Basis of Presentation


The consolidated financial statements have been prepared by the Company, without audit, pursuant to the rules and regulations of the United States Securities and Exchange Commission (“SEC”). The Company prepares its unaudited consolidated financial statements in conformity with generally accepted accounting principles in the United States (“GAAP”). These principles require management to make estimates and assumptions that affect the reported amounts of assets and liabilities and disclosure of contingent assets and liabilities at the date of the consolidated financial statements and the reported amounts of revenues and expenses during the reporting period. Actual results could differ from those estimates. In the opinion of management, the accompanying unaudited consolidated financial statements contain all adjustments (consisting of only normal recurring adjustments) necessary to present fairly the financial position of the Company as of September 30, 2013 and its statements of operations, comprehensive loss and cash flows for the three and nine months ended September 30, 2013.  These unaudited consolidated financial statements should be read in conjunction with the consolidated financial statements and accompanying notes thereto contained in the Company’s 2012 Annual Report filed on Form 10-K with the SEC on March 14, 2013.
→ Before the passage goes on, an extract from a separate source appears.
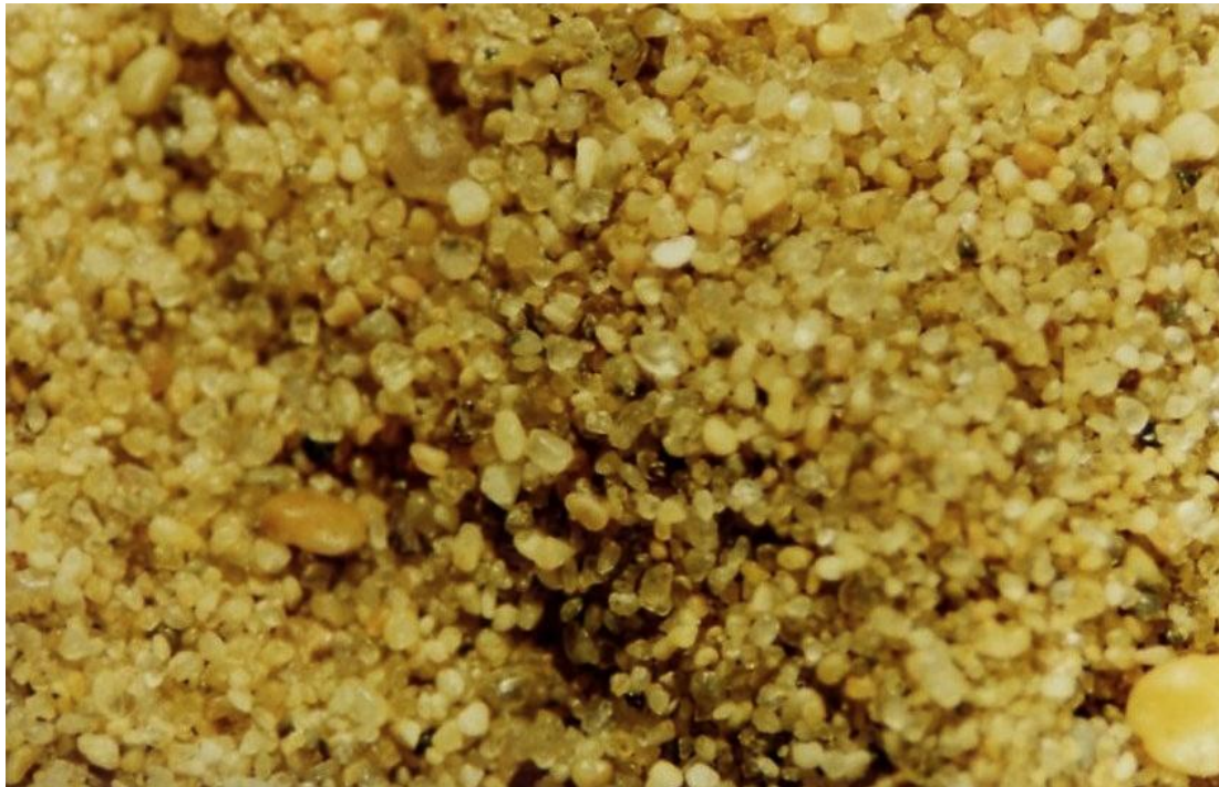
Sable des dunes

Principles of Consolidation


The unaudited consolidated financial statements include the accounts of MeetMe and its wholly-owned subsidiaries, Quepasa.com de Mexico, Quepasa Serviços em Solucoes de Publicidade E Tecnologia Ltda (inactive), MeetMe Online S/S Ltda (formerly Quepasa Games S/S Ltda from March 2, 2011), and Insider Guides (from November 10, 2011 until its merger into MeetMe, Inc. effective as of January 1, 2012). All intercompany accounts and transactions have been eliminated in consolidation. On June 30, 2012, the Company discontinued its game development and creation of intellectual properties business. Accordingly, games operations have been classified as discontinued operations for all periods presented.


Reclassifications


Certain prior period amounts in the consolidated financial statements have been reclassified to conform to the current period’s presentation. Reclassification adjustments for discontinued operations were made to the consolidated balance sheets and statements of operations for the periods presented.


 Use of Estimates


The preparation of consolidated financial statements in conformity with GAAP requires the Company’s management to make estimates and assumptions that affect the reported amounts of assets and liabilities and disclosures of contingent assets and liabilities at the date of the consolidated financial statements and the reported amounts of revenues and expenses during the reporting period. Most significant estimates in the accompanying unaudited consolidated financial statements include revenue recognition, the allowance on accounts receivable, valuation of notes receivable, valuation of deferred tax assets, valuation of stock-based employee and non-employee awards, valuation of warrants issued with debt, valuation of assets acquired and liabilities assumed in business combinations, evaluating goodwill, intangible and long-lived assets for impairment, useful lives of intangibles assets and property and equipment, and the measurement and accrual of restructuring costs and contingent liabilities. The Company bases its estimates on historical experience and on various other assumptions that the Company believes are reasonable under the circumstances, the results of which form the basis for making judgments about the carrying values of assets and liabilities that are not readily apparent from other sources. Actual results may differ from these estimates.